- O Estado de S. Paulo
A denúncia da Procuradoria-Geral da República contra o deputado Eduardo Cunha, inimigo número um do Palácio do Planalto, era esperada há tempos, mas chegou no mesmo dia em que movimentos ligados ao PT faziam manifestações de rua a favor da presidente Dilma Rousseff e justamente em meio a uma forte ofensiva do governo para evitar que o Congresso e o empresariado batam asas atrás da opinião pública.
Há décadas, desde que Cunha despontou na política, já enrolado em maracutaias, sabe-se que ele é bastante polêmico e, de santo, não tem nada. Mas, se a Procuradoria foi rápida para denunciar Cunha, junto com o senador e ex-presidente Fernando Collor e a ex-deputada Solange Almeida, “a lista do Janot” – ou seja, dos investigados do procurador-geral, Rodrigo Janot – vai muito além dos três. São 53 políticos, praticamente todos eles de partidos aliados ao governo, como PP, PMDB e PT.
A denúncia contra Cunha, bastante consistente, constitui um fato gravíssimo e pode transformar o presidente da Câmara em réu no Supremo Tribunal Federal, afetando ainda mais a imagem já tão combalida do Congresso, dos políticos e dos partidos. Mas, além disso, o cerco ele mexe bastante no tabuleiro político. Pelo menos cem parlamentares, de dez partidos, já pedem a sua destituição da presidência, outros líderes pregam o “direito de defesa”, os governistas comemoram e o PSDB fica numa saia justa.
Liderados pelo PSOL, dez partidos querem a renúncia ou a destituição de Cunha da presidência por um motivo cristalino: a tentativa de preservar a dignidade da Câmara. Mas essa pode não ser a única motivação do PT e de partidos governistas, pois Cunha, que já era o inimigo número um de Dilma, agora é uma fera ferida e sem muito a perder. Antes de sair ou virar réu, pode acionar o botão mágico de um processo de impeachment da presidente.
Já a posição do PSDB e do DEM é dúbia, o que não chega a ser exatamente uma novidade. Numa relação errática com Cunha, os tucanos querem tirar proveito da agressividade dele contra o governo, mas sem se confundir com ele. Ora se aproximam de Cunha, para espicaçar melhor o governo; ora se afastam, para não se contaminarem com a má fama e os processos do deputado.
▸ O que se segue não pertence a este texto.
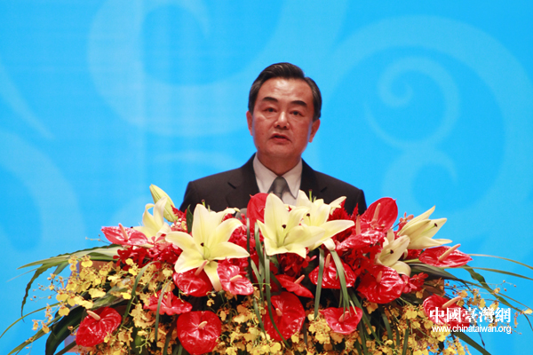 中共中央臺(tái)辦、國(guó)務(wù)院臺(tái)辦主任王毅在第三屆海峽論壇大會(huì)上講話。(中國(guó)臺(tái)灣網(wǎng) 普燕 攝)

Neste momento, já há quem no PSDB defenda jogar a fera ferida a seus predadores, ou seja, às feras governistas. Para essa corrente, continuando a metáfora zoológica, seria como tirar o “bode da sala”. Sem Eduardo Cunha e tudo o que ele representa, estaria aberto caminho para uma aproximação mais ousada e mais explícita entre PSDB e PMDB a favor do afastamento de Dilma e posse do vice Michel Temer. Uma coisa é fazer acordo para Temer, Cunha e Renan Calheiros assumirem. Outra seria uma aliança com Temer e Renan para governar.
De qualquer forma, a Câmara e o Senado estão com uma enorme batata quente nas mãos, porque é aquela velha história: contra fatos não há argumentos, e os fatos envolvendo Eduardo Cunha parecem muito bem embasados. São milhões de dólares de empresas que têm contratos com a Petrobrás que passearam por contas no exterior, por notas frias e até por igrejas e foram parar nas contas de Cunha e de Collor. Quanto à ex-deputada Solange Almeida, ela foi laranja das tramoias de Cunha.
A chance de Cunha manter a presidência da Câmara é zero, mas todo mundo já sabe como ele é e como ele age. Ele vai gritar, espernear e usar a metralhadora giratória antes de cair. E, certamente, não cairá sozinho. Até lá, o mundo político faz contas, considerando o que interessa ao governo, o que convém à oposição e como a queda dele pode reverter a favor ou contra Dilma.
A opinião pública e as manifestações de ontem dos movimentos alinhados ao PT querem o sangue de Eduardo Cunha, mas, com honrosas exceções, o mundinho político em Brasília quer mesmo é saber quem vai se dar bem ou se dar mal com a desgraça dele.